I couldn’t agree more, with a strong caveat: having been a teacher myself, before becoming an administrator and working in education policy, if teachers desire the level of respect that physicians, attorneys, engineers, scientists, et al, enjoy, then there needs to be a massive ramp-up in the number of teachers willing to stay current on education research as it impacts their subject/grade levels, as well as teachers who conduct their own action research in their classrooms and publish. It’s all to easy to yell “Treat us with the respect with which you treat doctors!” and quite another thing to practice one’s profession as thoroughly as does any physician. I cannot tell you how many times that an irate teacher has made the comment to me, “Oh yeah, well I can find you loads of research that says the opposite [of whatever I cited during a conversation about school policies, practices & procedures].” As a K-12 administrator, I have never had a single teacher actually produce any research whatsoever to support a position they have taken with me when they have disagreed with a policy, practice, procedure, or decision that I have explained to them was supported by current research in the field. I have had a few folks who were accomplished teachers, most of them National Board Certified, who have brought research in to support their annual professional development plans they have written. It does my heart good to see teachers to this. However, I submit unequivocally that the majority of K-12 teachers in this country above the elementary grades do not have any idea what current educational research says about much of anything, other than snippets they might pick up while perusing the NEA monthly magazines or when looking at materials for the staff development that so many of them despise. Teachers just don’t build professional reading into their practice, as a general rule. Elementary teachers tend to know more about research because of their focus on teaching reading and the need to stay up to speed on developments in that area.
d
December 29th, 2011
7:08 pm
@college student – that rule you mentioned only applies once you have a clear-renewable certificate, which means you’ve had the “teacher classes” to obtain that certificate to begin with.

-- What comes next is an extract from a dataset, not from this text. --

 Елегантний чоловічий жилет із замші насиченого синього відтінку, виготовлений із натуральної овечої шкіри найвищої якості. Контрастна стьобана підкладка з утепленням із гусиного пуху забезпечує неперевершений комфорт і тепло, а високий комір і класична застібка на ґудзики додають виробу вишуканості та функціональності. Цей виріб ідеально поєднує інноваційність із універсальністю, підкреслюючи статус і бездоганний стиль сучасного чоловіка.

Taking GACE alone can qualify you for a non-renewable certificate if you have the content courses under your belt, but it’s primarily designed for people seeking alternative certification. That’s the route I went – and I obtained my M.Ed and initial certification through Georgia State. @ST671, yes you can teach middle school science with your 6-12 certificate, but many middle schools want teachers with multiple fields which is why programs that specialize in the 4-8 certificates are usually multiple subjects.
College Student
December 29th, 2011
9:01 pm
@d–I have already taken the GASE for middle grades science and passed even though I haven’t taken any of the required science classes. When I graduate, I will be certified to teach science, as well as Reading and Math. However, I still have to take and pass both of those.
ScienceTeacher671
December 30th, 2011
7:48 am
@d, last time I looked (admittedly that was several years ago) they also wanted someone who had taken all the courses on the special needs of middle-grades students.

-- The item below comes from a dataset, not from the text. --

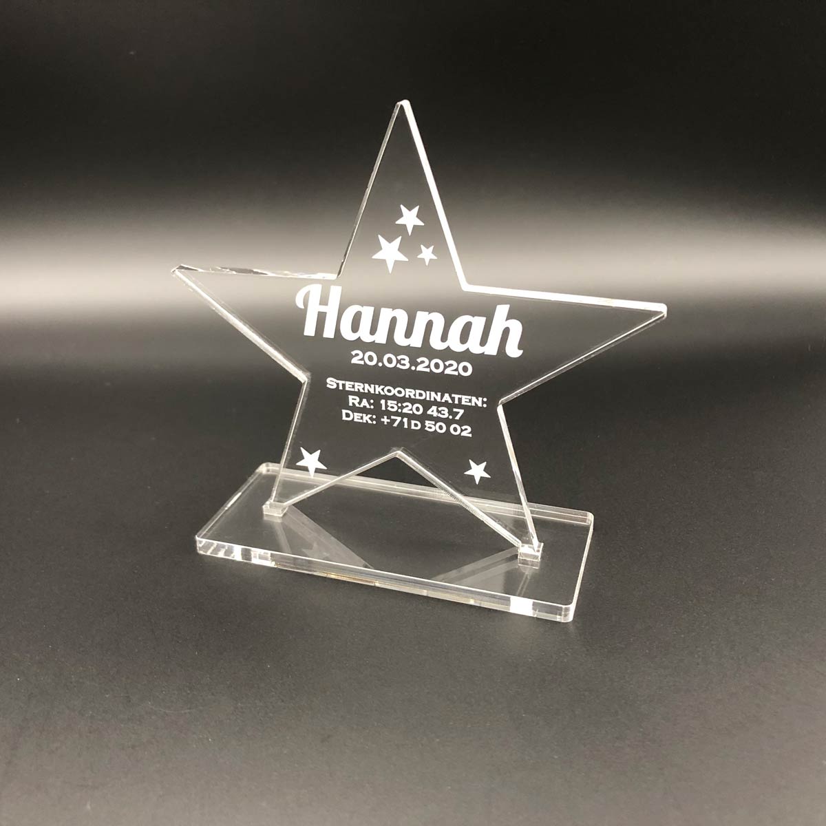 Der von Ihnen gewählte Sternname, das Taufdatum und die Koordinaten Ihres Sterns werden für sie auf den Stern graviert.

@College Student, I’m sure the availability of jobs and the definition of “highly qualified” can change on a dime – or the whim of Congress or the General Assembly – but right now we’re having a really hard time finding Special Education teachers who are qualified to teach math and science at the high school level. (Most of the SpEd teachers are teaching collaborative classes right now, at least in our district.) Anyway, if it’s not too hard to add SpEd as a field, it might greatly increase your ability to find a job as things now stand.
Chuck
December 30th, 2011
10:42 am
I had a duel major in college -Psychology in the liberal arts college and Physical Education in the College of Education. My father was a coach and I knew I would also coach. I got a masters with duel majors and had been accepted into the PHD program at Cal Berkley. When out of the blue I was offered a job coaching college football. I knew immediately when I step on the Practise field I was doing something in which i was uniquely cut out for. I loved teaching/coaching and I confident I made a contribution in the lives of my players. I ended up coaching in the NFL for 18 seasons, but I promise youbat any level teaching is teaching.
Beverly Fraud
December 31st, 2011
5:47 am
“As a K-12 administrator, I have never had a single teacher actually produce any research whatsoever to support a position they have taken with me when they have disagreed with a policy, practice, procedure, or decision that I have explained to them was supported by current research in the field.”
Monica, I would submit to you, that if we are going to have an HONEST discussion about “educational research” we are going to have to talk about its MANY shortcomings.
Many things that are considered “dogma” by now, because they are “based on research” don’t pass the smell test when the “research” isn’t TAKEN FOR GRANTED.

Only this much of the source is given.